October 26, 2010 by Canadian Underwriter
Canada’s solvency regulator, the Office of the Superintendent of Financial Institutions (OSFI), is requiring the actuaries of property and casualty insurance companies to account for changes in the insurers’ estimated claims liabilities.
This change will affect the standard annual filing of the Appointed Actuaries Report (AAR), which companies are required to submit to federal and provincial regulators.
“Whenever significant differences in ultimate estimates occur for any accident year, the actuary should provide commentary explaining such changes in ultimate estimates for each accident year,” OSFI says in a memorandum explaining the change, posted online on Oct. 26. “In addition, the actuary should discuss any actions taken to reduce the likelihood of similar differences in the future.”

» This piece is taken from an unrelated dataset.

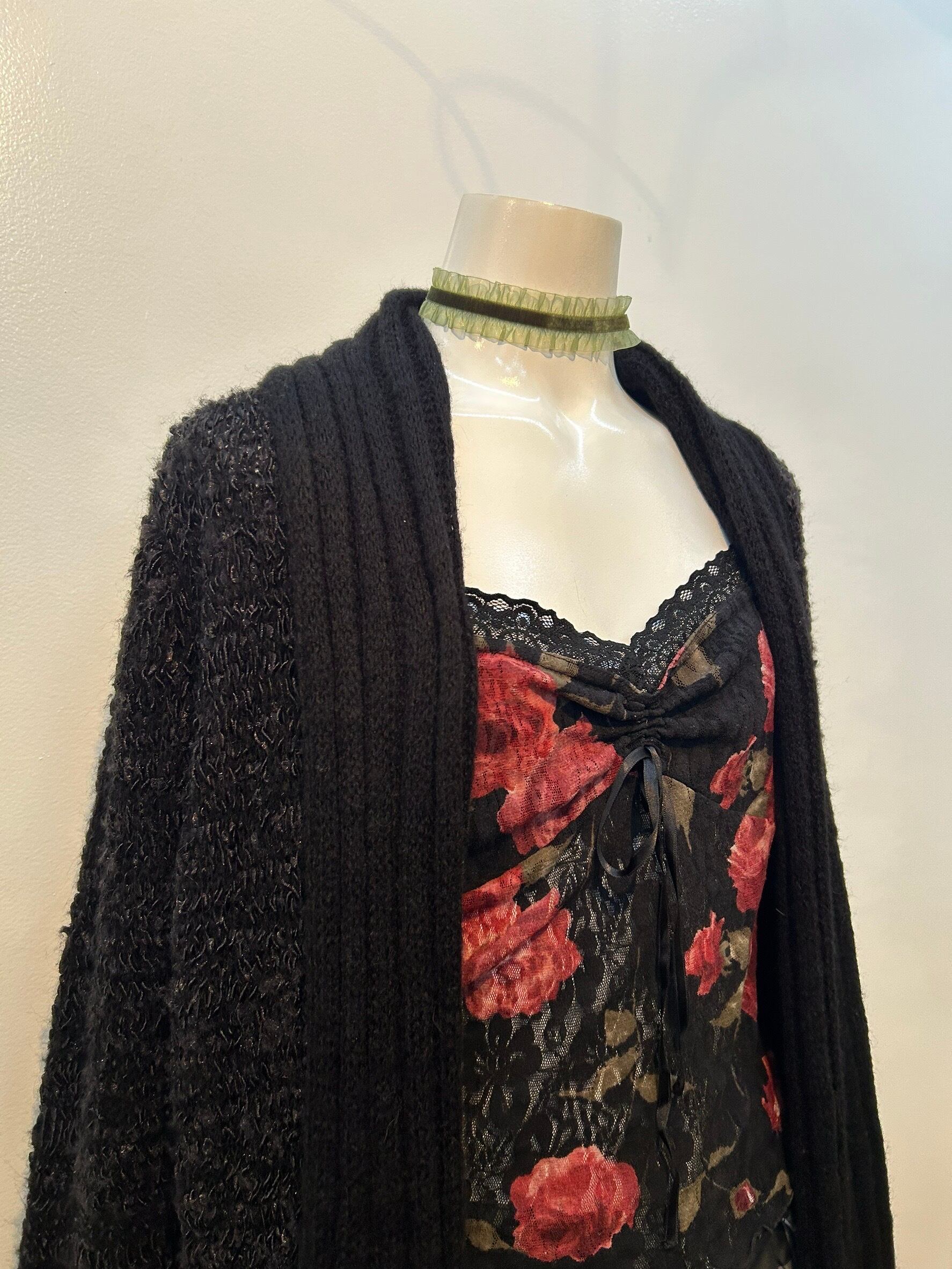 素材: 37%Acrylic 33%Polyester 30%Wool サイズ: XL(表記) 着丈81cm 肩幅41cm 身幅58cm 袖丈73cm

The regulator is requiring that “a comparison of actual experience with expected experience on an undiscounted basis be provided for each actuarial line of business and for all lines combined for 10 years.”
OSFI goes on to say that if data for 10 years is not currently available, the actuary should comment on this fact but also move toward the 10-year standard.
The comparisons must be provided gross and net of reinsurance.
“Actual experience” in this instance refers to the ultimate gross and net undiscounted estimates selected for each accident year for each actuarial line of business valued as of the current year-end (Dec. 31 or Oct. 31).
“Expected experience” in previous year-end valuations refers to the ultimate undiscounted estimates selected by the actuary at each of the prior year-ends.